Теория денег Маркса. это не законченный текст, поэтому он прерывается до развития денежной формы в кредит, капитал и т. д. Однако так же, как Марксова теория стоимости (1980) значительно продвинулись в интерпретации марксистской теории, эта книга также является результатом плодотворного сотрудничества проницательного автора и глубокого знатока экономической теории Маркса.
* София Мансано профессор экономики Государственного университета Юго-Западной Баии (UESB) и автор книги Политическая экономия для рабочих (Институт Кайо Прадо мл.).
Справка
Исаак Ильич Рубин. Теория денег Маркса.. Перевод: Тьяго Камаринья Лопес. Сан-Паулу, Instituto Caio Prado Jr., 2020, 180 страниц.
Цитируемые работы
Альтюссер, Л. Предупреждение читателям Книги I Капитала. Транс. Селсо Н. Кашиура мл. и Марсио Б. Навес. In Маркс, К. Маркс, К. Столица. «Критика политической экономии». Транс. Рубенс Эндерле. Книга I. Сан-Паулу: Boitempo, 2013.
Гэлбрейт, Дж.
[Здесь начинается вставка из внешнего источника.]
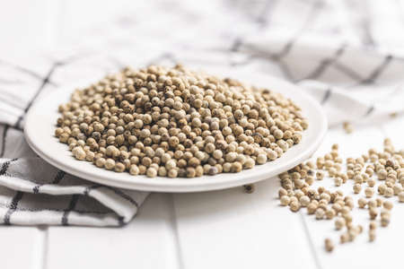 Whole pepper spice. White peppercorn grain on plate on white table.

К. богатое общество. Транс. Карлос Афонсо Мальферрари. Сан-Паулу: Пионер, 1987.
Маркс, К. Столица. «Критика политической экономии». Транс. Рубенс Эндерле. Книга I. Сан-Паулу: Boitempo, 2013.
Луг. EFS «От золотых денег к фиктивным деньгам». В бразильском журнале политической экономии, том. 36, № 1 (142), с. 14-28 марта/июня 2016 г.
Рубин, II Марксистская теория стоимости. Транс. Хосе Бонифасио де С. Амарал Филью. Сан-Паулу: Бразилия, 1980.
______ [1926]. «Австрийская школа». Ин Дэй, РБ и Гайдо, Д.Ф. Ответы на «Капитал» Маркса. От Рудольфа Гильфердинга к Исааку Ильичу Рубину. Лейден: Исторический материализм, 2017.
______ История экономического мышления. Транс. Рубенс Эндерле. Рио-де-Жанейро: Editora da UFRJ, 2014.
Саад Филью, А. ценность Маркса. «Политическая экономия для современного капитализма». Кампинас: Editora da Unicamp, 2011.
примечание
[1] Важный вклад о трудностях и способах чтения Столица можно найти у Альтюссера (2013).